Microsoft was in a bad state last summer, just as its teams were putting the
finishing touches on Windows 7. The global recession had battered the company's
revenues. Windows Vista, the company's previous operating system, seemed
stigmatized in the wake of bad reviews and user complaints. If Windows 7 died
in the marketplace, chatter would start that Microsoft's best days were far
behind.
"The truth is that the operating system is irrelevant now," Salesforce.com
Marc Benioff said in a statement released before the Windows 7 launch. "It's
about the cloud-cloud applications for consumers and businesses, and cloud
platforms like Force.com, Amazon Web Services, and Google App Engine."
Nonetheless, Microsoft and its manufacturing partners had some hopes. A
report from research firm Forrester found that 80 percent of all commercial PCs
were running Windows XP. If those companies were offered a shiny new operating
system, they might be compelled to upgrade both their hardware and software-if
the recession had left funds in their IT budgets.
Other companies had used Microsoft's weakened position to make their own
inroads among consumers and businesses. Apple and its Mac OS X managed to
increase its market share in the three years since Vista's debut, and rumors
abounded that Google was planning to port either Android or its Chrome OS-or
both-onto mininotebooks.
Microsoft seemed to recognize the stakes.
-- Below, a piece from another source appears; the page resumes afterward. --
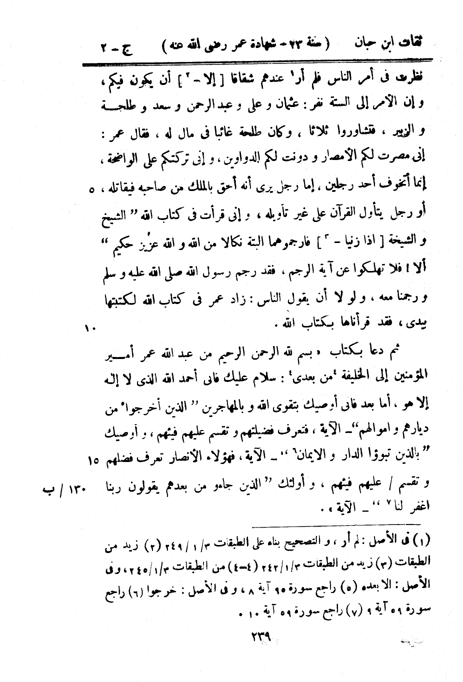 نظرت فِي أَمر النَّاس فَلم أر عِنْدهم شقاقا إِلَّا أَن يكون فِيكُم وَإِن الْأَمر إِلَى السِّتَّة نفر عُثْمَان وعَلى وَعبد الرَّحْمَن وَسعد وَطَلْحَة وَالزُّبَيْر فتشاوروا ثَلَاثًا وَكَانَ طَلْحَة غَائِبا فِي مَال لَهُ فَقَالَ عمر إِنِّي مصرت لكم الْأَمْصَار ودونت لكم الدَّوَاوِين وَإِنِّي تركتكم على الْوَاضِحَة إِنَّمَا أَتَخَوَّف أحد رجلَيْنِ إِمَّا رجل يرى أَنه أَحَق بِالْملكِ من صَاحبه فيقاتله أَو رجل يتَأَوَّل الْقُرْآن فِي كتاب اللَّه الشَّيْخ وَالشَّيْخَة غذا زَنَيَا فَارْجُمُوهُمَا الْبَتَّةَ نكالا من اللَّه وَالله عَزِيز حَكِيم أَلا فَلَا تهلكوا عَن آيَة الرَّجْم فقد رجم رَسُول اللَّهِ صَلَّى اللَّهُ عَلَيْهِ وَسَلَّمَ ورجمنا مَعَه وَلَوْلَا أَن يَقُول النَّاس زَاد عمر فِي كتاب اللَّه لكتبتها بيَدي فقد قرأناها بِكِتَاب اللَّه ثمَّ دَعَا بِكِتَاب بِسم اللَّه الرَّحْمَن الرَّحِيم من عَبْد اللَّه عمر أَمِير الْمُؤمنِينَ إِلَى الْخَلِيفَة من بعدِي سَلام عَلَيْك فَإِنِّي أَحْمد الله الذلا لَا إِلَه إِلَّا هُوَ أما بعد فَإِنِّي أوصيك بتقوى اللَّه وبالمهاجرين الَّذِينَ أُخْرِجُوا مِنْ دِيَارِهِمْ وَأَمْوَالهمْ الْآيَة فتعرف فضيلتهم وتقسم عَلَيْهِم فيئهم وأوصيك بالذين تبوؤا الدَّار والايمان الْآيَة فَهَؤُلَاءِ الْأَنْصَار تعرف فَضلهمْ وتقسم عَلَيْهِم فيئهم وَأُولَئِكَ الَّذِينَ جاءو مِنْ بَعْدِهِمْ يَقُولُونَ رَبَّنَا اغْفِرْ لنا الْآيَة

As the months ticked down to
Windows 7's October launch,
the
company began a process of winnowing down its products and business lines.
Flailing initiatives, including YouTube competitor SoapBox and Popfly, found
their necks on the chopping block. While Microsoft's crashing revenues likely
helped propel many of these executions, analysts generally seemed to agree that
the decks were being cleared for a concerted push behind Windows 7 and Office
2010.
"I think that highly strategically focused companies can use a downturn
like this to reconsider what they're doing, and decide what's working and not
working," Charles King, an analyst with Pund-IT Research, said during an
August 2009 interview with eWEEK. "At the end of the day, [Microsoft CEO]
Steve Ballmer and other executives have been looking at strategic groups and
asking, 'How well is this working?'"
Microsoft launched the Windows 7 Release Candidate in May 2009. That
followed the widely released Windows 7 beta, with Microsoft using testers'
input to further refine the operating system. Soon after the Release Candidate
hit users' systems, Microsoft began announcing a series of discounts and deals
for the final version.
If Windows 7 had failed, in other words, it wouldn't have gone down without
Microsoft putting up a substantial fight.